Дойдя до двери, я погасил светильник и замер, безмолвно прислушиваясь. На лестнице никого не было. Я закрыл за собой дверь и увидел (в тот день светила луна), что она устроена вровень со стеной и изображение скрывает ее очертания. Заметно было лишь крохотное отверстие, в которое можно было вставить палец и сдвинуть задвижку. Луна освещала лестницу, оставшуюся за моей спиной, однако высокий трон прятался в тени. Я прошел через мегарон и увидел проблеск под дверью.

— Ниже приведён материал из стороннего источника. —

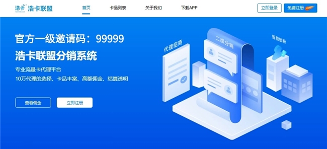 | 浩卡联盟 | ★★★★★ | 9.9 | 四大运营商直签资源、免费代理、0门槛入局、80+卡品、单单结算、不扣量、提现快、多端推广支持 |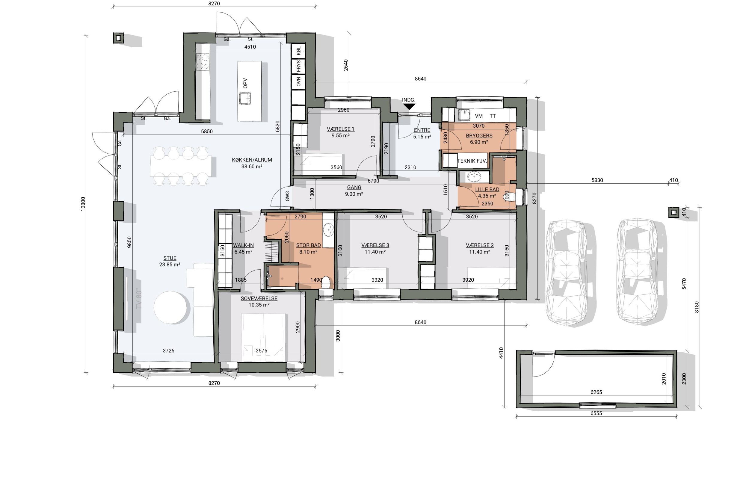 Bolig: 176 m2. Carport: 53 m2.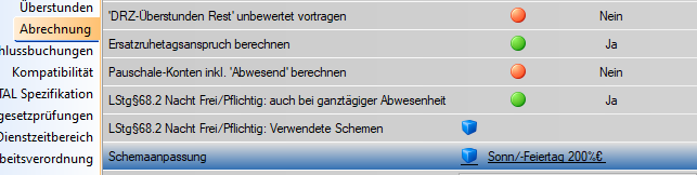 Im behandelten Beispiel werden die Schemen "Anwesend Mehrarbeit" sowie "Anwesend Winterdienst" später für alle Stunden am Sonn- und Feiertag durch "Zeit auszahlen" ersetzt und für alle Stunden in der Nacht durch "Zeit gutschreiben"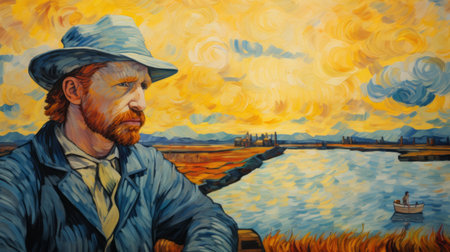van gogh sitting in the painting memories of brabant, capturing his essence and passion for art. this artwork immerses viewers in the vibrant colors and expressive brushstrokes synonymous with the artist. the scene evokes nostalgia for brabant's landscapes, blending history and creativity in a timeless masterpiece. ai generated

Как и прежде, он сидел в высоком кресле – на голове маска, руки на коленях. И все же комната изменилась: из нее исчез всякий хлам. Благовония горели перед подножием, на котором стоял какой-то символ или изображение. Я ощутил перемену и в Миносе: явились прежде отсутствующие покой и власть.
Прикоснувшись к груди в знак приветствия, я негромко произнес:
– Повелитель, я здесь.
Царь дал мне знак стоять перед ним так, чтобы он мог видеть меня через маску. Я ждал. Пахло кислятиной, было душно, дым ел глаза. Веки сами собой закрывались, а ведь завтра будет игра.
– Тесей, – проговорил он. Глухой голос звучал чище и сильнее, чем прежде: – Время пришло. Готов ли ты?
Я смутился, не зная причин, которые могли бы нарушить наши планы.
– Мы готовы, повелитель, если ты хочешь этого. Но будет лучше, если мы выступим в день похорон.
Он отвечал:
– И день хорош, и обряд подходит. Однако мало принести в жертву одного лишь зверя. Кое-что требуется и от нас с тобой, пастырь Афин. Мне терпеть, а тебе – совершать. – Он указал голой рукой на подставку, перед которой курился дымок. Тут я и увидел ту священную вещь, которая там стояла: лабрис торчал острием вверх из полированного камня.
Я замер на месте. Мне даже и представиться не могло, сколь скорбное дело он задумал.
– Иногда боги посылают знак, когда твое ухо перестает их слышать. Они послали мне дитя, чтобы указать, куда идти.
На миг я задумался, пытаясь понять, кого он имеет в виду. Хотя Электриону было двадцать три года, он знал царя с детства.
Выпуклые хрустальные глаза маски повернулись ко мне. Я поглядел на лабрис, окутанный голубым дымком. Он попросил меня совершить деяние доброе и во всем подобающее мужу. Однако рука моя не поднималась. Здесь было не как в Элевсине, где мне пришлось бороться с сильным мужем, рискуя жизнью. Я поежился, несмотря на то что в комнате было душно, и подумал: «По летам он годится мне в отцы».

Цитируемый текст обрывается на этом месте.